I shook my head. It felt like I had water in my ears. “You only have a few minutes, and you start with that?”
 

“Same ol’ Texi. Never gives anyone a break, huh? What I’m trying to say is that whether or not Gaians believe your creation was justly done, you exist despite all odds. Despite the fact that people have tried to kill you your entire life, and despite the fact that you had a seventy-five percent chance of dying from the mutation, here you are. Whether people want you to exist or not, you do. If the Multiverse had wanted you dead, you would never have beat the odds.” Lindsay began to peel off the gloves that were still on her hands. She pulled at them finger by finger until her slender hands were free.
 

“And what about you? Do you believe I should exist?” There was an answer to that question that would cost me a great deal of pain, but I needed to know if she meant me harm.

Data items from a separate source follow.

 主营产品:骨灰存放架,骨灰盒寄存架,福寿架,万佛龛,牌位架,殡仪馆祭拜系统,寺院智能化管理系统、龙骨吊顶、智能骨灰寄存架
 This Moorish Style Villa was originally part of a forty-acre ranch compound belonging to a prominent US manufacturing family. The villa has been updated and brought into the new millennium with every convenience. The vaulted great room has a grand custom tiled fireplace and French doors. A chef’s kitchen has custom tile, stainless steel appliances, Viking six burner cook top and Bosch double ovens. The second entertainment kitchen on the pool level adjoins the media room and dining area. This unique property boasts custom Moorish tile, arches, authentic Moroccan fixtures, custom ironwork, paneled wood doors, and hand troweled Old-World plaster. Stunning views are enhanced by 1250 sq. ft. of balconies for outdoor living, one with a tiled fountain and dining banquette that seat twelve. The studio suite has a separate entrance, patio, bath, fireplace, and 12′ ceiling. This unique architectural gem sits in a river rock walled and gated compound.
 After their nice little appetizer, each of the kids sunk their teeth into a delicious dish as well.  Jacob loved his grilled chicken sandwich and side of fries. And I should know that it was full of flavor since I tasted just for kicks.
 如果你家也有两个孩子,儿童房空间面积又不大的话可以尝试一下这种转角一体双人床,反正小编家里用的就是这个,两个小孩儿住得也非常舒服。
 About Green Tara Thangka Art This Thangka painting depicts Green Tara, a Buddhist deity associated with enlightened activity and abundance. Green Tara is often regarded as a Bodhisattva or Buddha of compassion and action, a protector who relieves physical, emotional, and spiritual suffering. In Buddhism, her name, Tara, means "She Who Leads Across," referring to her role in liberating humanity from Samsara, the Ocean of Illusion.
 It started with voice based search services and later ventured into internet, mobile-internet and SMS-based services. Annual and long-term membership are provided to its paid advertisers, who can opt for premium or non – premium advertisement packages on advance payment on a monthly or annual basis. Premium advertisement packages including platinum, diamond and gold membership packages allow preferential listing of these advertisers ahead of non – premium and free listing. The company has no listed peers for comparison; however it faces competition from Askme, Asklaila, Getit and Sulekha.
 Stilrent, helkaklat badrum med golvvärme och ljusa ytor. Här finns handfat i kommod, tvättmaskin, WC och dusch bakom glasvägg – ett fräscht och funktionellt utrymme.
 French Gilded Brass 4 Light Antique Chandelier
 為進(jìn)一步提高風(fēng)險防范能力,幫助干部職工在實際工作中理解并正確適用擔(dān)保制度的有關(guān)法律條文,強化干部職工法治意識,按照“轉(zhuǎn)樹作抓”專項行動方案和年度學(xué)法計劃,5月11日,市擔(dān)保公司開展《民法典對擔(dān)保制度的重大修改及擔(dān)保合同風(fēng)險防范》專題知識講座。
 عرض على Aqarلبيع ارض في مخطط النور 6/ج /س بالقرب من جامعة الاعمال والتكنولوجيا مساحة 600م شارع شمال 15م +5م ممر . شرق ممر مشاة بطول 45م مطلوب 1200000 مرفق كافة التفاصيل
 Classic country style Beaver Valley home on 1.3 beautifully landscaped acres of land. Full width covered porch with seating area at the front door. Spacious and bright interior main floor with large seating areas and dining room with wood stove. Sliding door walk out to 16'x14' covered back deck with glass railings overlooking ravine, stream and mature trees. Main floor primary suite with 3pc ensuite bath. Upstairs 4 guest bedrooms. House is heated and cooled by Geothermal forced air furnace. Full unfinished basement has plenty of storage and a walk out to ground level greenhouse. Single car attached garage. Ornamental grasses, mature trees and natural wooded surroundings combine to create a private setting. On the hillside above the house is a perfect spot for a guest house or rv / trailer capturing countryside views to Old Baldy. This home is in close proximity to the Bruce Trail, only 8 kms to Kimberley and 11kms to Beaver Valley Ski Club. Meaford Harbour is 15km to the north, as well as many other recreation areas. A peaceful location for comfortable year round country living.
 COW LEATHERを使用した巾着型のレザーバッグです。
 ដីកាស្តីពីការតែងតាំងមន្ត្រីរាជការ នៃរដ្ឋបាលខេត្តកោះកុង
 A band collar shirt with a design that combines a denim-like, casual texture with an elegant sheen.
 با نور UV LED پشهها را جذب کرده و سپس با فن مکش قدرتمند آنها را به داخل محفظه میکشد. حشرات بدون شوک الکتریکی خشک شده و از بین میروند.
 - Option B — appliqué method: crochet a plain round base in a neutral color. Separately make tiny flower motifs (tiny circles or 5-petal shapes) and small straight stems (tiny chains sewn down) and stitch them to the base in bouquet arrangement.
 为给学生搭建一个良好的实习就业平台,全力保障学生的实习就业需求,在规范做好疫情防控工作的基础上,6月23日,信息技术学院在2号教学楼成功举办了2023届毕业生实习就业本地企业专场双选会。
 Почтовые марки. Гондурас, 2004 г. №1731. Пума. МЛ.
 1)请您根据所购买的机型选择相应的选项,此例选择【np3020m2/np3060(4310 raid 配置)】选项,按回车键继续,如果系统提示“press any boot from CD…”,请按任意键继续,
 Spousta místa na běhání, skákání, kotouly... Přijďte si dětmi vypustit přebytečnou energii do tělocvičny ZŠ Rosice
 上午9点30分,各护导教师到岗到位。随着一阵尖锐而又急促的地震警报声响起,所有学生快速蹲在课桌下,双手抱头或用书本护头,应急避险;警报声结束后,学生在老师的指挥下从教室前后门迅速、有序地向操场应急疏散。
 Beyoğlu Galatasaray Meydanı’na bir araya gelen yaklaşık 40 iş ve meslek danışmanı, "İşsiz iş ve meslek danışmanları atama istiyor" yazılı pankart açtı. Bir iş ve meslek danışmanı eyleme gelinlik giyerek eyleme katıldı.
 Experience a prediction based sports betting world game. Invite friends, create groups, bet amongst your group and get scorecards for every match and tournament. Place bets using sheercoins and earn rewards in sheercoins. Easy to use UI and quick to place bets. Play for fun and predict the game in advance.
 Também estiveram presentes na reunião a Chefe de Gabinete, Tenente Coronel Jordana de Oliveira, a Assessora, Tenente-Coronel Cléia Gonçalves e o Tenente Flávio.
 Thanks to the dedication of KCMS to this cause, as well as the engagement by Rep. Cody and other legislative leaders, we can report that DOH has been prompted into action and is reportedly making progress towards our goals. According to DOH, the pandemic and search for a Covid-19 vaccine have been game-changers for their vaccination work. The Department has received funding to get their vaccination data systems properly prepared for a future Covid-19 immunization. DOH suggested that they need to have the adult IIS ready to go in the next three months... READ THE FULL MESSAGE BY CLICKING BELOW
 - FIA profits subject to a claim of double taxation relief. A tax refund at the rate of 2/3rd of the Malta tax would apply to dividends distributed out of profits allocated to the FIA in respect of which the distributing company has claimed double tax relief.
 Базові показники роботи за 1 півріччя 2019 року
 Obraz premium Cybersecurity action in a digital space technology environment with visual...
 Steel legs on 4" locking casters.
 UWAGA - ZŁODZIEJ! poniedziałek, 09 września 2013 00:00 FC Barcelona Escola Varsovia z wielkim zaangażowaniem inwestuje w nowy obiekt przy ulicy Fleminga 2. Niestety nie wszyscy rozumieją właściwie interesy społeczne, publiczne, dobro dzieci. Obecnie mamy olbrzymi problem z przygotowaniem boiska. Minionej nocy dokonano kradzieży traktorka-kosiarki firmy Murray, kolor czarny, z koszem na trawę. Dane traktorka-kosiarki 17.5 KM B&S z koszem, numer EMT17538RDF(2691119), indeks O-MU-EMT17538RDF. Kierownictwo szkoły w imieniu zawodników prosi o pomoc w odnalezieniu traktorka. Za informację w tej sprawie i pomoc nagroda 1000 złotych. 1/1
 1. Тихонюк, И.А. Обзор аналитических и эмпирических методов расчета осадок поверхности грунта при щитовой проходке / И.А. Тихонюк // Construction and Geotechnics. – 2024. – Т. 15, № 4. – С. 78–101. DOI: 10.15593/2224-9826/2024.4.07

“Of course. What the others fail to consider is that perhaps you are simply the next step in human evolution. They call you a mutated hybrid, but all that means is that you are two separate things that came together to create one. If that’s the definition we go by, then we are all hybrids that have become one from two. That’s how reproduction works, after all. Traits are passed down generationally from two people to make one, and here we are from ape to man.”
 

I shook my head. “Easy for you to say. You’re not a mutant freak.”
 

Lindsay laughed. “You know, you really need to stop seeing yourself so negatively. Try on a different title for size.”
 

“Like what?” I asked.
 

“Remember, all this got started because some of us were genetically altered. Different isn’t bad, Texi. It just forces you to be brave while others cower and fearless while others quiver. The original Explorers? Their existence caused a lot of debate in the beginning, much like yours is causing now. They were Intrepid, and in my mind, I’ve always seen you as such. Stop calling yourself a hybrid-freakazoid-mutant-weirdo, and remember that you are meant to be Intrepid.”